**PROBLEM DETAILS:** Copy out every line of the material below, character for character, apart from the pictures.

---------- DATA SECTION ----------

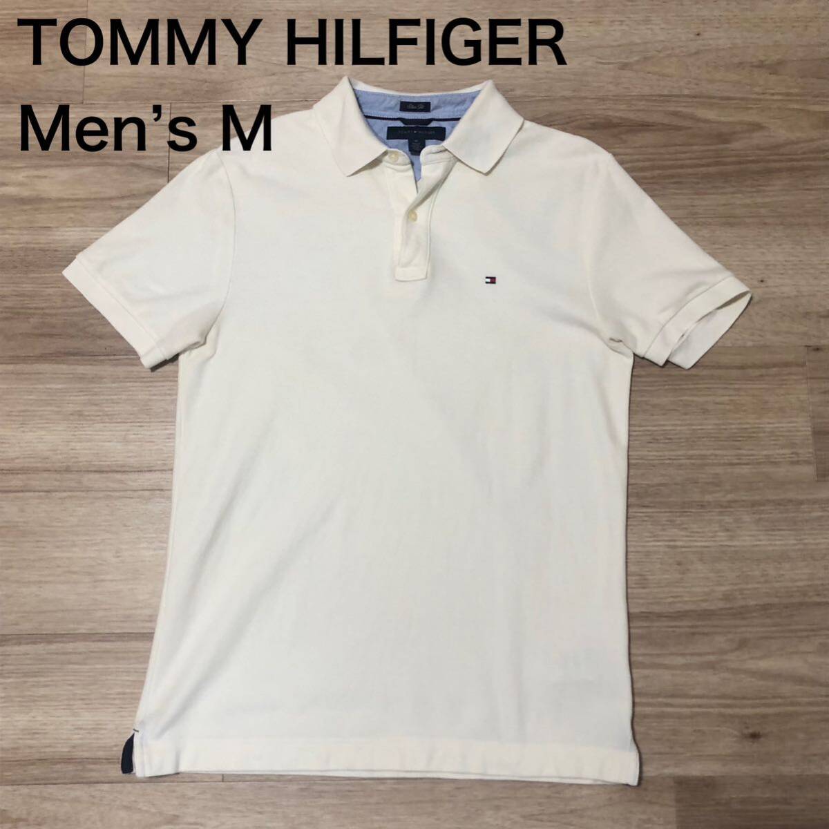 - 【送料無料】TOMMY HILFIGER半袖ポロシャツ クリーム色 メンズMサイズ トミーヒルフィガー
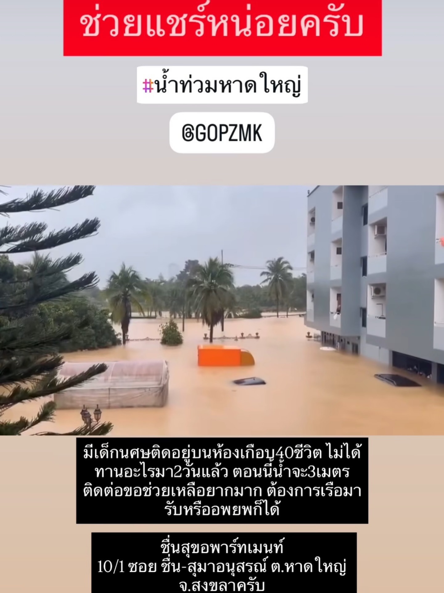 อพาร์ทเมนท์ของน้องที่รู้จัก มีนักศึกษาติดอยู่กว่า 40 ชีวิต ไม่ได้ทานอะไรมา 2 วัน น้ำสูงจะ 3 เมตรแล้วค่ะ ขอความช่วยเหลือค่ะ พิกัด : ชื่นสุขอพาร์ทเมนท์ https://maps.app.goo.gl/VbsZjGcu1oBGicpB7?g_st=ipc #น้ำท่วมหาดใหญ่ #ขอให้ทุกชีวิตปลอดภัยค่ะ🥹
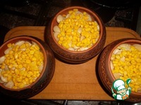Горшочки загружаем слоями: - зажарка, - грудинка, - кинза рубленая, - соль, специи, - фасоль, - кукуруза. В каждый горшочек вливаем по 50…70 мл жидкости, оставшейся от варки фасоли. |
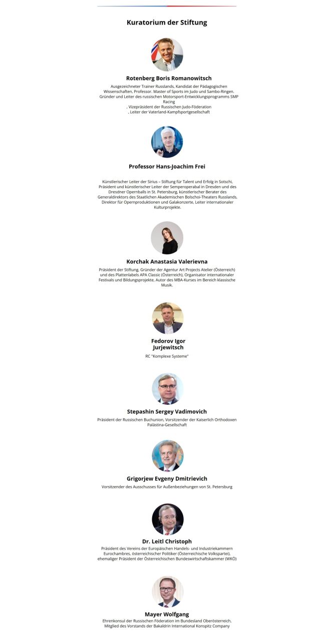 Als Präsidentin dieser Stiftung wird ebenjene Anastasia Korchak genannt. Laut einem russischen Firmenverzeichnis übt sie diese Funktion seit dem 3. Juli 2025 aus. Sie führt ein Kuratorium an, das sich teilweise wie ein Who’s Who des Systems Putin liest. Es seien nur die prominentesten Vertreter genannt: Boris Rotenberg ist ein russischer Oligarch und einer der engsten Freunde Wladimir Putins aus Kindheitstagen, als sie in Leningrad gemeinsam Judo trainierten. Rotenberg gilt als eine der Schlüsselfiguren in der staatlich vernetzten Geschäftswelt Russlands und profitierte von staatlichen Aufträgen für Projekte wie die Olympischen Spiele in Sotschi, was seit 2014 zu internationalen Sanktionen gegen ihn führte.

----------

**SOLUTION FOR THIS EXERCISE:**
 - 【送料無料】TOMMY HILFIGER半袖ポロシャツ クリーム色 メンズMサイズ トミーヒルフィガー
 อพาร์ทเมนท์ของน้องที่รู้จัก มีนักศึกษาติดอยู่กว่า 40 ชีวิต ไม่ได้ทานอะไรมา 2 วัน น้ำสูงจะ 3 เมตรแล้วค่ะ ขอความช่วยเหลือค่ะ พิกัด : ชื่นสุขอพาร์ทเมนท์ https://maps.app.goo.gl/VbsZjGcu1oBGicpB7?g_st=ipc #น้ำท่วมหาดใหญ่ #ขอให้ทุกชีวิตปลอดภัยค่ะ🥹
Горшочки загружаем слоями: - зажарка, - грудинка, - кинза рубленая, - соль, специи, - фасоль, - кукуруза. В каждый горшочек вливаем по 50…70 мл жидкости, оставшейся от варки фасоли. |
 Als Präsidentin dieser Stiftung wird ebenjene Anastasia Korchak genannt. Laut einem russischen Firmenverzeichnis übt sie diese Funktion seit dem 3. Juli 2025 aus. Sie führt ein Kuratorium an, das sich teilweise wie ein Who’s Who des Systems Putin liest. Es seien nur die prominentesten Vertreter genannt: Boris Rotenberg ist ein russischer Oligarch und einer der engsten Freunde Wladimir Putins aus Kindheitstagen, als sie in Leningrad gemeinsam Judo trainierten. Rotenberg gilt als eine der Schlüsselfiguren in der staatlich vernetzten Geschäftswelt Russlands und profitierte von staatlichen Aufträgen für Projekte wie die Olympischen Spiele in Sotschi, was seit 2014 zu internationalen Sanktionen gegen ihn führte.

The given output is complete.